1. Spring Awakening (2006)
2. In the Heights (2008)*
3. Jersey Boys (2005)
4. Next to Normal (2009)
5. Once (2012)

Further Studies (Original Score): Bloody, Bloody Andrew Jackson, Brooklyn, Aida*, Bring it On*, Kinky BootsHedwig and the Angry Inch, Hamilton*, Wonderland, Cry-Baby*, The Last Ship, Spider-Man: Turn off the Dark, Lysistrata Jones, Thou Shalt Not, Leap of Faith*, The Wedding Singer*, Tarzan, 9 to 5*, If/Then*, High Fidelity*, Bonnie and Clyde, Passing Strange*, Hands on a Hardbody, Taboo, Glory Days*, Waitress, American Psycho, Bombay Dreams*

Further Studies (Jukebox Score): All Shook Up, American Idiot, Beautiful: The Carol King Musical, Mamma Mia!, Million Dollar Quartet, Motown, Rock of Ages, Holler If Ya Hear Me, Priscilla – Queen of the Desert, Good Vibrations, A Night with Janis Joplin, Baby It’s You!, Ring of Fire, The Boy from Oz, Soul Doctor, Lennon, Rain, Hot Feet, Movin’ Out, On Your Feet!, The Look of Love, The Times They Are a-Changin’, Everyday Rapture


* This show features multiple music/vocal styles and could be sorted elsewhere (depending on the song in question).

Kevin Michael Jones

5 thoughts

  1. I see your feelings below (and very good points) about the term “contemporary music theatre.” Interestingly enough, Mary Poppins, for example, in the creative team’s casting notice, asked for contemporary music theatre, not legit.

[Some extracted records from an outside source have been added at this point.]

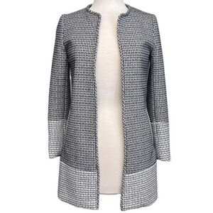 H&M Womens Textured Weave Long Sleeve Lined longline blazer Jacket Black/ivory Pattern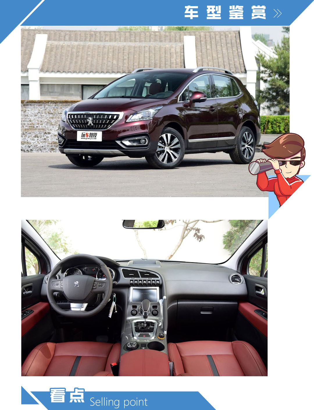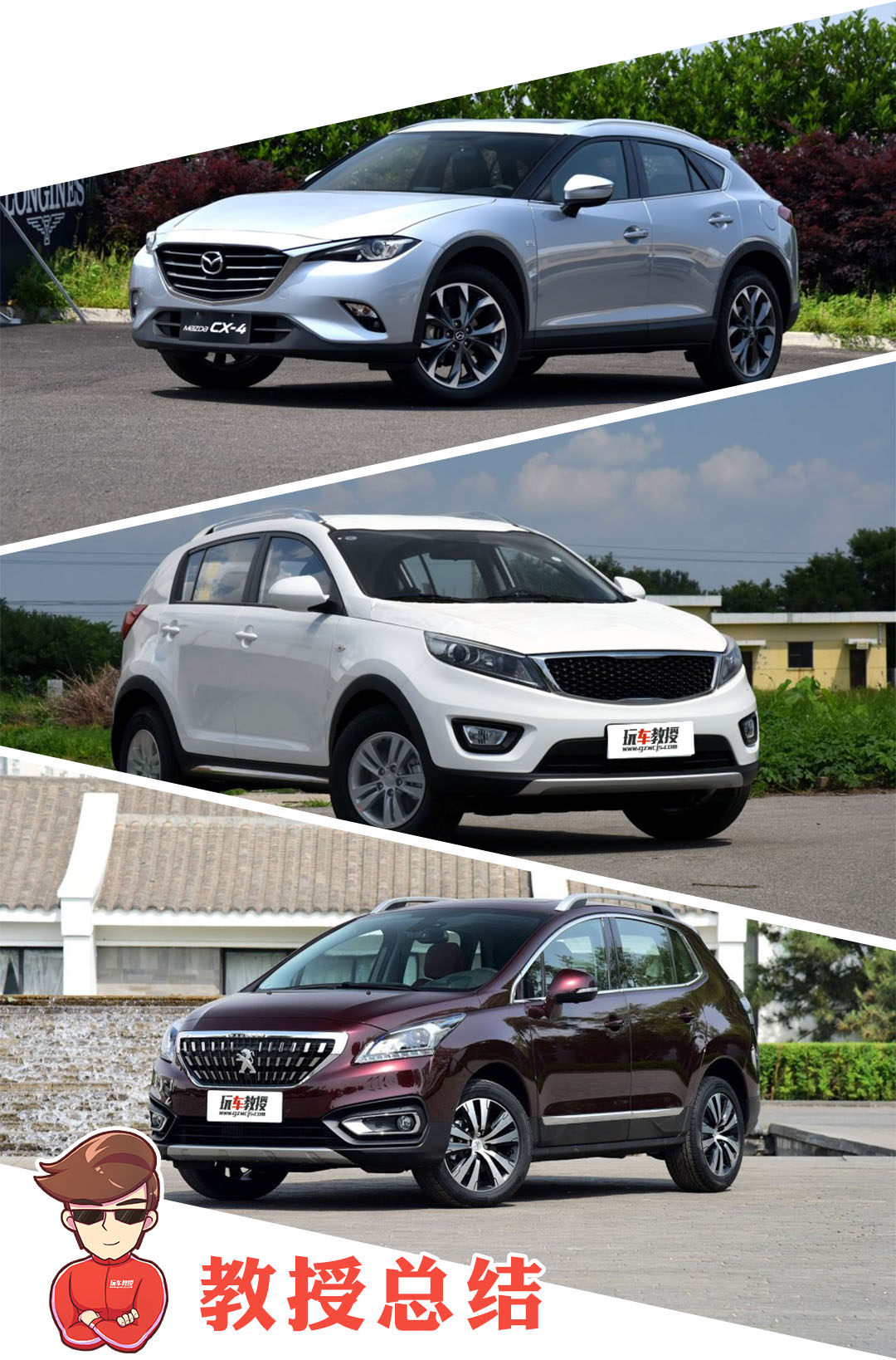 总结:今天教授所介绍的这三款车型都各有特色,标致3008虽然不是家族最新设计的SUV车型,但它依然拥有一个很有辨识度的外观设计,内饰也尽量做到优雅!马自达CX-4则完全是一个颜值怪兽,而且它出色的驾驶体验也是年轻人所重视的!最后的智跑虽然是一款上市多年的车型,但它的外观造型仍然非常出色,巨大的市场优惠则非常适合预算有限的消费者!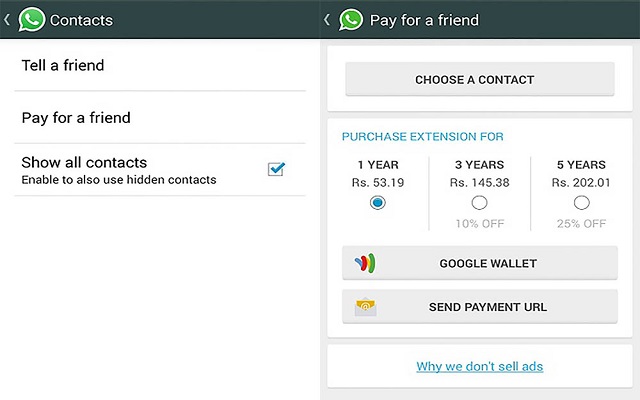 بإمكانك بعد سنة من الإستخدام دفع لصديقك مبلغ اشتراك الواتساب وذلك إذا كان لا يتوفر على بطاقة بنكية ، وذلك بالذهاب إلى قسم الإعدادات settings ثم الضغط على جهات الإتصال Contacts وسوف يظهر لك خيار الدفع لصديق Pay for a friend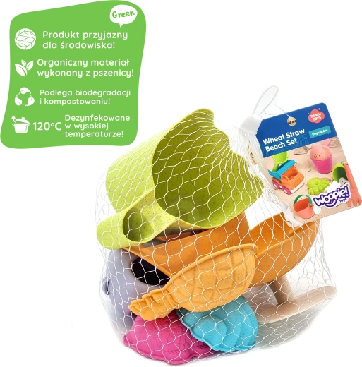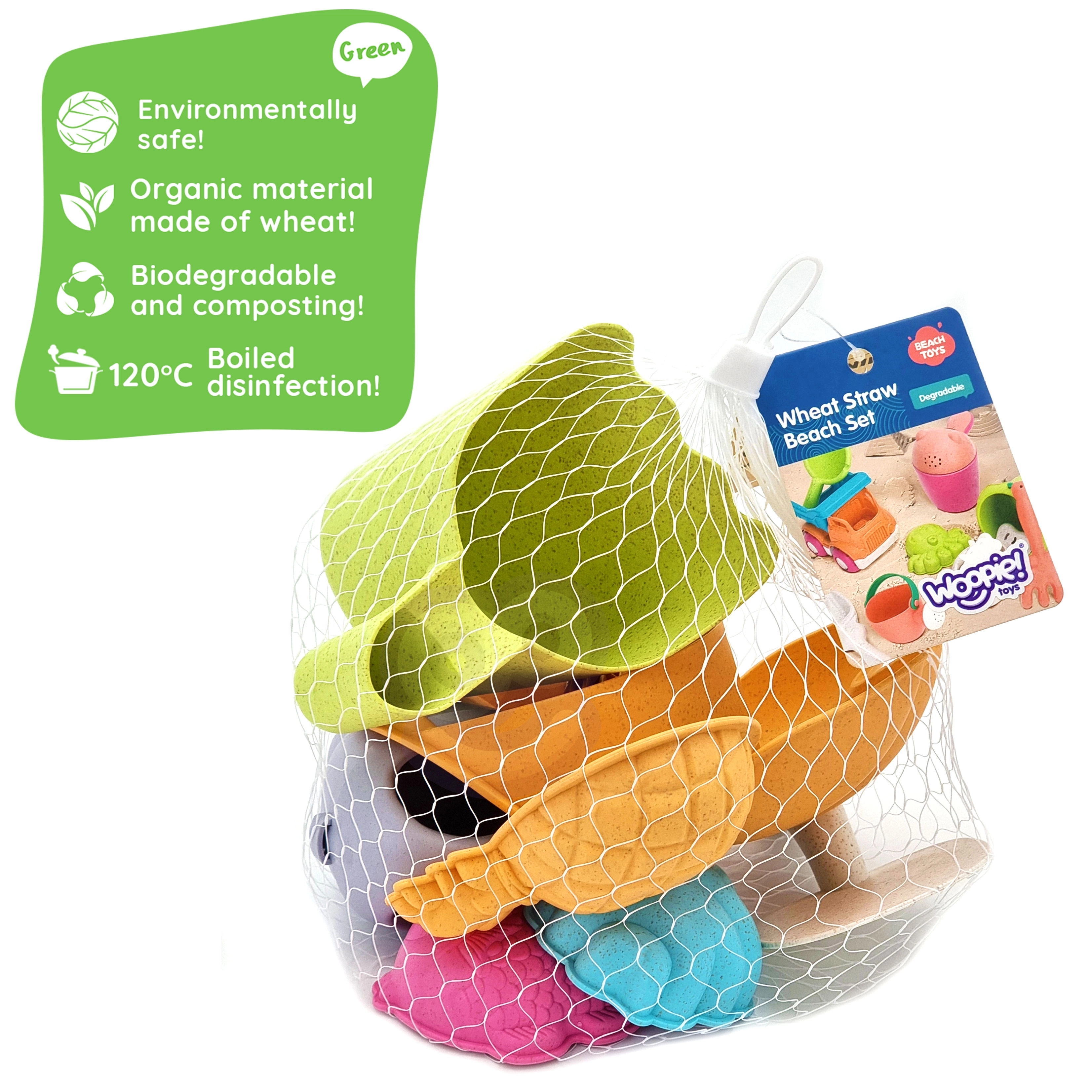 S tem kakovostnim kompletom za pesek znamke WOOPIE bodo otroci uživali v urah ustvarjalne zabave kjerkoli na prostem. Organski material na osnovi pšeničnih vlaken je prijazen do okolja, se po daljšem času v zemlji naravno razkraja in je kompostabilen. Pastelne barve delujejo moderno in prijetno, deli so lahki, trpežni in udobni za držanje tudi v manjših otroških rokah.

    1. Very true, I would say Mary Poppins is a show that could go either way. It combines legit and ‘contemporary musical theatre’ musical and vocal styles. Some songs are more towards the legit singing spectrum and others not as much. The same can be said about Little Women (“Astonishing” is definitely not legit, for example). Many contemporary musicals today feature multiple musical and vocal styles. Most of what I’ve compiled here are general guidelines.